### The problem
What is needed is an exact copy of every record below.

========================================================================

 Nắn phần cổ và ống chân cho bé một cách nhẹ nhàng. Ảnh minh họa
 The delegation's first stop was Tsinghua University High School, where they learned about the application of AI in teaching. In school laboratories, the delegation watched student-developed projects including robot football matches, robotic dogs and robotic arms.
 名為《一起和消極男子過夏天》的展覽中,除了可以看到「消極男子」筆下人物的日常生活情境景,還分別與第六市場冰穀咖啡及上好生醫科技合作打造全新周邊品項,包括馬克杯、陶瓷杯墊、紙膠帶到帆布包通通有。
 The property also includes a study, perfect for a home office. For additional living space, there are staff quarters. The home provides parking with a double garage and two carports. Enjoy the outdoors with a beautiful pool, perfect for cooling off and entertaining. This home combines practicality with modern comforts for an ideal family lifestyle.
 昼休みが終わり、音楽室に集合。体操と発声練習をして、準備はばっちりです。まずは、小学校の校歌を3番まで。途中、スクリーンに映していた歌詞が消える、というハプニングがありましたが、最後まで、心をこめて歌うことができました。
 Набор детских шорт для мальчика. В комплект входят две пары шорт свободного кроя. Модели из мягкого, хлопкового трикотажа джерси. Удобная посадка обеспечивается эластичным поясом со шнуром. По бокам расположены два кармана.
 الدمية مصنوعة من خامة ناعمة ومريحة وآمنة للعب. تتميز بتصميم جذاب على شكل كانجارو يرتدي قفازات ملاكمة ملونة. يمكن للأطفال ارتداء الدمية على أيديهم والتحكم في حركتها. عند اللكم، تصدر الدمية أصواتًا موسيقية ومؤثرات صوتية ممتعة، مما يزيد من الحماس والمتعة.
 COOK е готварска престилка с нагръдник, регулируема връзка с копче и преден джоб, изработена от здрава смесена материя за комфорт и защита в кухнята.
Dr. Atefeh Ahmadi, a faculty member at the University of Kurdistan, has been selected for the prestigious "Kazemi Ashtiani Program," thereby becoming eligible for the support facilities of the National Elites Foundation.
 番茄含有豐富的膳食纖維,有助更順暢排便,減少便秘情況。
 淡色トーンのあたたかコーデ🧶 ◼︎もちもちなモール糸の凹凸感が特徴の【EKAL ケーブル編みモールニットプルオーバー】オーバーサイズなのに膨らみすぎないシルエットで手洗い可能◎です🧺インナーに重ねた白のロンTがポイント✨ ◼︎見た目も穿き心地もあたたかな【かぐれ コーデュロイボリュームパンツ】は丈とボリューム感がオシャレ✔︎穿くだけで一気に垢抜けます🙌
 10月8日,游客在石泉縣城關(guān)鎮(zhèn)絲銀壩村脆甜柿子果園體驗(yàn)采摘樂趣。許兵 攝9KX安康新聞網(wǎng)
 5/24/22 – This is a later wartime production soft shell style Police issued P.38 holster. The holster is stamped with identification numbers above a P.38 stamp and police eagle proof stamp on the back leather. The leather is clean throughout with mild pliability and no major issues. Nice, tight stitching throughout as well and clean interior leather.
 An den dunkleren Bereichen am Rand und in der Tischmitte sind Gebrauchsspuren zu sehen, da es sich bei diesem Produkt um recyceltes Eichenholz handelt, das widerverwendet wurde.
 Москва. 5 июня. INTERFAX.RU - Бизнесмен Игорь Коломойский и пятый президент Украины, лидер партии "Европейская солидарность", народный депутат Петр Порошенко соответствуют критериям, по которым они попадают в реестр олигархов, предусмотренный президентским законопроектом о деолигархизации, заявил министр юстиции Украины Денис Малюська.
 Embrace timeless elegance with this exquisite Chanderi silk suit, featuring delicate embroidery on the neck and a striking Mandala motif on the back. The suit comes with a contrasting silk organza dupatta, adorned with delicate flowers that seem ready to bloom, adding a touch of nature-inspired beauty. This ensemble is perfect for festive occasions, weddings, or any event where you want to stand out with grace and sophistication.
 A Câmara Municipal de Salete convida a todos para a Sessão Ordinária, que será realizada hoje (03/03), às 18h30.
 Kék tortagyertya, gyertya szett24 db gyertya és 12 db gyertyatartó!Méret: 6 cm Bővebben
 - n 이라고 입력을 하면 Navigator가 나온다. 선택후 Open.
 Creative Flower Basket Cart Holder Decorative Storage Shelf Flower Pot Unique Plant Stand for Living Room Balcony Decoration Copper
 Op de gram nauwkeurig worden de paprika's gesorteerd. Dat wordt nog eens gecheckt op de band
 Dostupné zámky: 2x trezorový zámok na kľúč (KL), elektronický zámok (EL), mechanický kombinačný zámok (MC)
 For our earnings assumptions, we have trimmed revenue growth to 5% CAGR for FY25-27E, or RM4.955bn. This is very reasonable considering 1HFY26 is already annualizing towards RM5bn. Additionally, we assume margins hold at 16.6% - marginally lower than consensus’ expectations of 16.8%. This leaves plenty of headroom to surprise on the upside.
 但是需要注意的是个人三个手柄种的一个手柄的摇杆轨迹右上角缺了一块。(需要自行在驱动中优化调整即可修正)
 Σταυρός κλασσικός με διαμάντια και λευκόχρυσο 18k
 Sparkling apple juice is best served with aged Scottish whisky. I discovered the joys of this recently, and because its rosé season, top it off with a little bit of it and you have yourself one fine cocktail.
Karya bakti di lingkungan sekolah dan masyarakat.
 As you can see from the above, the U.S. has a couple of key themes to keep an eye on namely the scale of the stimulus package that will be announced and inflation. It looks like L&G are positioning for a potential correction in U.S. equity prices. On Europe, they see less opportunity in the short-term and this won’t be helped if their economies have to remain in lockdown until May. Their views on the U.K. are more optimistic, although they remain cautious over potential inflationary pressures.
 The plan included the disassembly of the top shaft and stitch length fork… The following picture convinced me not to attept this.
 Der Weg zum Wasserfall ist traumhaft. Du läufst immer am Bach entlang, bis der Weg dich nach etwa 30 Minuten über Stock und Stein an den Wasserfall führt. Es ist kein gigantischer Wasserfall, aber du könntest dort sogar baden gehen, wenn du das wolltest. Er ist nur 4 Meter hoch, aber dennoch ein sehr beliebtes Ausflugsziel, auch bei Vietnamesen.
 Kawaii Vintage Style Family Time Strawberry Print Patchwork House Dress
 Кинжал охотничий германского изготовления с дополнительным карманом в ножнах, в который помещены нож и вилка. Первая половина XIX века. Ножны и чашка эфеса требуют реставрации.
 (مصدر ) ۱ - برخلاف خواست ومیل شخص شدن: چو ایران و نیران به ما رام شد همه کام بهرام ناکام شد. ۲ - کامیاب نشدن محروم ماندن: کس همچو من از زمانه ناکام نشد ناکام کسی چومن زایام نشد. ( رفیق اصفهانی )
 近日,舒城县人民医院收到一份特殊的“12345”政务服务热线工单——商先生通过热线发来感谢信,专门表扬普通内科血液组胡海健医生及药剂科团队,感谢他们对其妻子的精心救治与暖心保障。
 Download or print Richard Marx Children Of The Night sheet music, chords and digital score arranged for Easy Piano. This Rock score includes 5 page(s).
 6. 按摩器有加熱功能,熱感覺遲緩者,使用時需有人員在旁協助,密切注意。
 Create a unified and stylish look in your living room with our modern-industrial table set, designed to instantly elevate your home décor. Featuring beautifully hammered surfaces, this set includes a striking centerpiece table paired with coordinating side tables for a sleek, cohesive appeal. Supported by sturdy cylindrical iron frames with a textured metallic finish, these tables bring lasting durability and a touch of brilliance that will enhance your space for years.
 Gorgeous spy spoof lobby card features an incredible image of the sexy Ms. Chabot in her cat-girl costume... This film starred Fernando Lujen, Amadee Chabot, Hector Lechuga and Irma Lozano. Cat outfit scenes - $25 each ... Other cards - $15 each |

========================================================================

### Reply to the task
 Nắn phần cổ và ống chân cho bé một cách nhẹ nhàng. Ảnh minh họa
 The delegation's first stop was Tsinghua University High School, where they learned about the application of AI in teaching. In school laboratories, the delegation watched student-developed projects including robot football matches, robotic dogs and robotic arms.
 名為《一起和消極男子過夏天》的展覽中,除了可以看到「消極男子」筆下人物的日常生活情境景,還分別與第六市場冰穀咖啡及上好生醫科技合作打造全新周邊品項,包括馬克杯、陶瓷杯墊、紙膠帶到帆布包通通有。
 The property also includes a study, perfect for a home office. For additional living space, there are staff quarters. The home provides parking with a double garage and two carports. Enjoy the outdoors with a beautiful pool, perfect for cooling off and entertaining. This home combines practicality with modern comforts for an ideal family lifestyle.
 昼休みが終わり、音楽室に集合。体操と発声練習をして、準備はばっちりです。まずは、小学校の校歌を3番まで。途中、スクリーンに映していた歌詞が消える、というハプニングがありましたが、最後まで、心をこめて歌うことができました。
 Набор детских шорт для мальчика. В комплект входят две пары шорт свободного кроя. Модели из мягкого, хлопкового трикотажа джерси. Удобная посадка обеспечивается эластичным поясом со шнуром. По бокам расположены два кармана.
 الدمية مصنوعة من خامة ناعمة ومريحة وآمنة للعب. تتميز بتصميم جذاب على شكل كانجارو يرتدي قفازات ملاكمة ملونة. يمكن للأطفال ارتداء الدمية على أيديهم والتحكم في حركتها. عند اللكم، تصدر الدمية أصواتًا موسيقية ومؤثرات صوتية ممتعة، مما يزيد من الحماس والمتعة.
 COOK е готварска престилка с нагръдник, регулируема връзка с копче и преден джоб, изработена от здрава смесена материя за комфорт и защита в кухнята.
Dr. Atefeh Ahmadi, a faculty member at the University of Kurdistan, has been selected for the prestigious "Kazemi Ashtiani Program," thereby becoming eligible for the support facilities of the National Elites Foundation.
 番茄含有豐富的膳食纖維,有助更順暢排便,減少便秘情況。
 淡色トーンのあたたかコーデ🧶 ◼︎もちもちなモール糸の凹凸感が特徴の【EKAL ケーブル編みモールニットプルオーバー】オーバーサイズなのに膨らみすぎないシルエットで手洗い可能◎です🧺インナーに重ねた白のロンTがポイント✨ ◼︎見た目も穿き心地もあたたかな【かぐれ コーデュロイボリュームパンツ】は丈とボリューム感がオシャレ✔︎穿くだけで一気に垢抜けます🙌
 10月8日,游客在石泉縣城關(guān)鎮(zhèn)絲銀壩村脆甜柿子果園體驗(yàn)采摘樂趣。許兵 攝9KX安康新聞網(wǎng)
 5/24/22 – This is a later wartime production soft shell style Police issued P.38 holster. The holster is stamped with identification numbers above a P.38 stamp and police eagle proof stamp on the back leather. The leather is clean throughout with mild pliability and no major issues. Nice, tight stitching throughout as well and clean interior leather.
 An den dunkleren Bereichen am Rand und in der Tischmitte sind Gebrauchsspuren zu sehen, da es sich bei diesem Produkt um recyceltes Eichenholz handelt, das widerverwendet wurde.
 Москва. 5 июня. INTERFAX.RU - Бизнесмен Игорь Коломойский и пятый президент Украины, лидер партии "Европейская солидарность", народный депутат Петр Порошенко соответствуют критериям, по которым они попадают в реестр олигархов, предусмотренный президентским законопроектом о деолигархизации, заявил министр юстиции Украины Денис Малюська.
 Embrace timeless elegance with this exquisite Chanderi silk suit, featuring delicate embroidery on the neck and a striking Mandala motif on the back. The suit comes with a contrasting silk organza dupatta, adorned with delicate flowers that seem ready to bloom, adding a touch of nature-inspired beauty. This ensemble is perfect for festive occasions, weddings, or any event where you want to stand out with grace and sophistication.
 A Câmara Municipal de Salete convida a todos para a Sessão Ordinária, que será realizada hoje (03/03), às 18h30.
 Kék tortagyertya, gyertya szett24 db gyertya és 12 db gyertyatartó!Méret: 6 cm Bővebben
 - n 이라고 입력을 하면 Navigator가 나온다. 선택후 Open.
 Creative Flower Basket Cart Holder Decorative Storage Shelf Flower Pot Unique Plant Stand for Living Room Balcony Decoration Copper
 Op de gram nauwkeurig worden de paprika's gesorteerd. Dat wordt nog eens gecheckt op de band
 Dostupné zámky: 2x trezorový zámok na kľúč (KL), elektronický zámok (EL), mechanický kombinačný zámok (MC)
 For our earnings assumptions, we have trimmed revenue growth to 5% CAGR for FY25-27E, or RM4.955bn. This is very reasonable considering 1HFY26 is already annualizing towards RM5bn. Additionally, we assume margins hold at 16.6% - marginally lower than consensus’ expectations of 16.8%. This leaves plenty of headroom to surprise on the upside.
 但是需要注意的是个人三个手柄种的一个手柄的摇杆轨迹右上角缺了一块。(需要自行在驱动中优化调整即可修正)
 Σταυρός κλασσικός με διαμάντια και λευκόχρυσο 18k
 Sparkling apple juice is best served with aged Scottish whisky. I discovered the joys of this recently, and because its rosé season, top it off with a little bit of it and you have yourself one fine cocktail.
Karya bakti di lingkungan sekolah dan masyarakat.
 As you can see from the above, the U.S. has a couple of key themes to keep an eye on namely the scale of the stimulus package that will be announced and inflation. It looks like L&G are positioning for a potential correction in U.S. equity prices. On Europe, they see less opportunity in the short-term and this won’t be helped if their economies have to remain in lockdown until May. Their views on the U.K. are more optimistic, although they remain cautious over potential inflationary pressures.
 The plan included the disassembly of the top shaft and stitch length fork… The following picture convinced me not to attept this.
 Der Weg zum Wasserfall ist traumhaft. Du läufst immer am Bach entlang, bis der Weg dich nach etwa 30 Minuten über Stock und Stein an den Wasserfall führt. Es ist kein gigantischer Wasserfall, aber du könntest dort sogar baden gehen, wenn du das wolltest. Er ist nur 4 Meter hoch, aber dennoch ein sehr beliebtes Ausflugsziel, auch bei Vietnamesen.
 Kawaii Vintage Style Family Time Strawberry Print Patchwork House Dress
 Кинжал охотничий германского изготовления с дополнительным карманом в ножнах, в который помещены нож и вилка. Первая половина XIX века. Ножны и чашка эфеса требуют реставрации.
 (مصدر ) ۱ - برخلاف خواست ومیل شخص شدن: چو ایران و نیران به ما رام شد همه کام بهرام ناکام شد. ۲ - کامیاب نشدن محروم ماندن: کس همچو من از زمانه ناکام نشد ناکام کسی چومن زایام نشد. ( رفیق اصفهانی )
 近日,舒城县人民医院收到一份特殊的“12345”政务服务热线工单——商先生通过热线发来感谢信,专门表扬普通内科血液组胡海健医生及药剂科团队,感谢他们对其妻子的精心救治与暖心保障。
 Download or print Richard Marx Children Of The Night sheet music, chords and digital score arranged for Easy Piano. This Rock score includes 5 page(s).
 6. 按摩器有加熱功能,熱感覺遲緩者,使用時需有人員在旁協助,密切注意。
 Create a unified and stylish look in your living room with our modern-industrial table set, designed to instantly elevate your home décor. Featuring beautifully hammered surfaces, this set includes a striking centerpiece table paired with coordinating side tables for a sleek, cohesive appeal. Supported by sturdy cylindrical iron frames with a textured metallic finish, these tables bring lasting durability and a touch of brilliance that will enhance your space for years.
 Gorgeous spy spoof lobby card features an incredible image of the sexy Ms. Chabot in her cat-girl costume... This film starred Fernando Lujen, Amadee Chabot, Hector Lechuga and Irma Lozano. Cat outfit scenes - $25 each ... Other cards - $15 each |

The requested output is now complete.